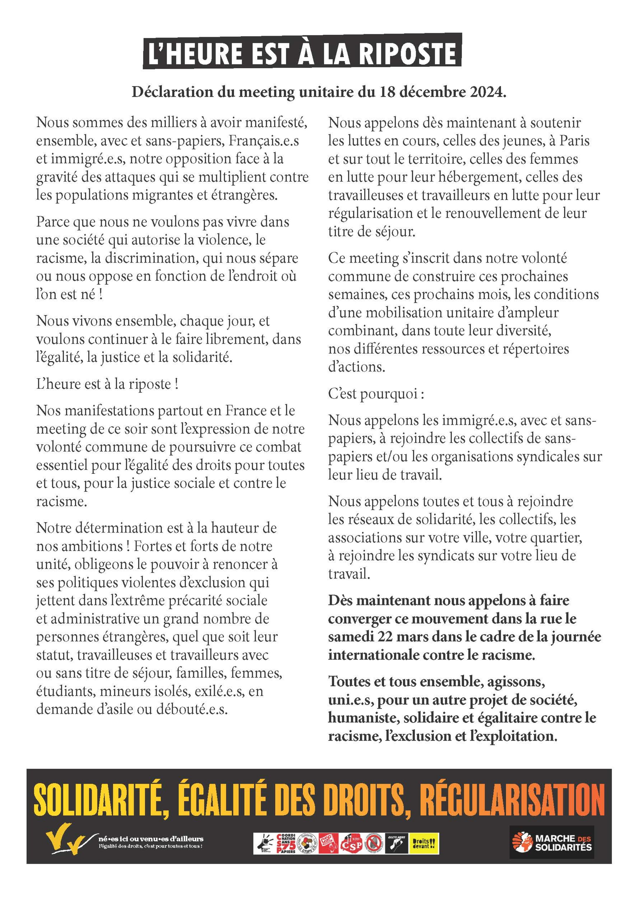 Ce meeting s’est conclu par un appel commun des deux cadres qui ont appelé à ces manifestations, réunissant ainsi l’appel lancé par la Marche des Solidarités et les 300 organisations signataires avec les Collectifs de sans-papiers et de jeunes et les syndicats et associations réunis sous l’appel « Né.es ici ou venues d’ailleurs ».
* * *
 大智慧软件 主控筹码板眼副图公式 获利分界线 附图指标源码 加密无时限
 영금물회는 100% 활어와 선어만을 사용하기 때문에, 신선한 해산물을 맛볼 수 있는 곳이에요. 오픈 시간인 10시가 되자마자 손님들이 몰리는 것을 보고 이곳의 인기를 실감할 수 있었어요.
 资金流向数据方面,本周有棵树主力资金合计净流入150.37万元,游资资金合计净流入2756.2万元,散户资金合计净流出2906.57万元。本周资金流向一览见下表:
...
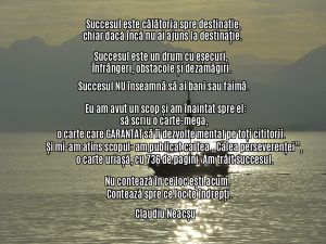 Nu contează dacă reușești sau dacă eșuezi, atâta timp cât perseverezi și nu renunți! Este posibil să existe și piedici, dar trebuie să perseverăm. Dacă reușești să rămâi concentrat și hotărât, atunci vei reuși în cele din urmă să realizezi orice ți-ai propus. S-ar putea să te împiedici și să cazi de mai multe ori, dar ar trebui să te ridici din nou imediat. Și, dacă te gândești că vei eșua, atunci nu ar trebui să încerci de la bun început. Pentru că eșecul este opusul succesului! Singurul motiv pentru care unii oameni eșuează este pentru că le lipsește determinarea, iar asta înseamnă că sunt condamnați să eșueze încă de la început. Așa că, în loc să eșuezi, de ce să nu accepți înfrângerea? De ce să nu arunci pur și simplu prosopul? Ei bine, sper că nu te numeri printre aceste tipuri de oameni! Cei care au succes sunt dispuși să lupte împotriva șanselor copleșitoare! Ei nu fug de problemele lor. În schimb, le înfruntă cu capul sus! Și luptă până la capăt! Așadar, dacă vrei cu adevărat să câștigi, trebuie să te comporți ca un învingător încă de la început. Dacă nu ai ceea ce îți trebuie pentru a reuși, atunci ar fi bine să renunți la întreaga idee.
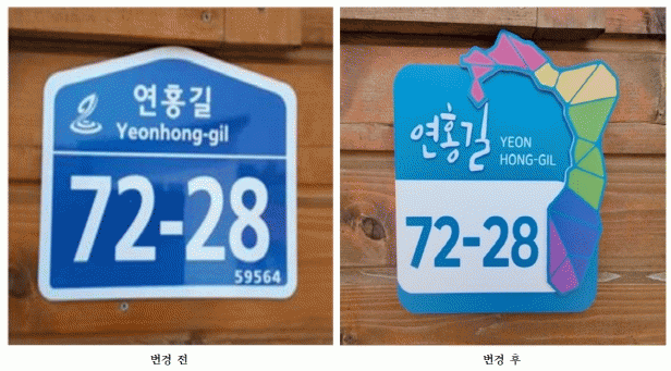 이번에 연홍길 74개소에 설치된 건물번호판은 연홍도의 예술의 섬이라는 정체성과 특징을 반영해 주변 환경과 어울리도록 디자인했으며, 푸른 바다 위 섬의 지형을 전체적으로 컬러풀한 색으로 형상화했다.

EXERCISE DETAILS: Extract the lines of the preceding material that run from the line with "영금물회는 100% 활어와" through the line with "资金流向数据方面,本周有棵树", inclusive, reproducing them exactly and adding nothing.

RESPONSE TO THE EXERCISE:
 영금물회는 100% 활어와 선어만을 사용하기 때문에, 신선한 해산물을 맛볼 수 있는 곳이에요. 오픈 시간인 10시가 되자마자 손님들이 몰리는 것을 보고 이곳의 인기를 실감할 수 있었어요.
 资金流向数据方面,本周有棵树主力资金合计净流入150.37万元,游资资金合计净流入2756.2万元,散户资金合计净流出2906.57万元。本周资金流向一览见下表:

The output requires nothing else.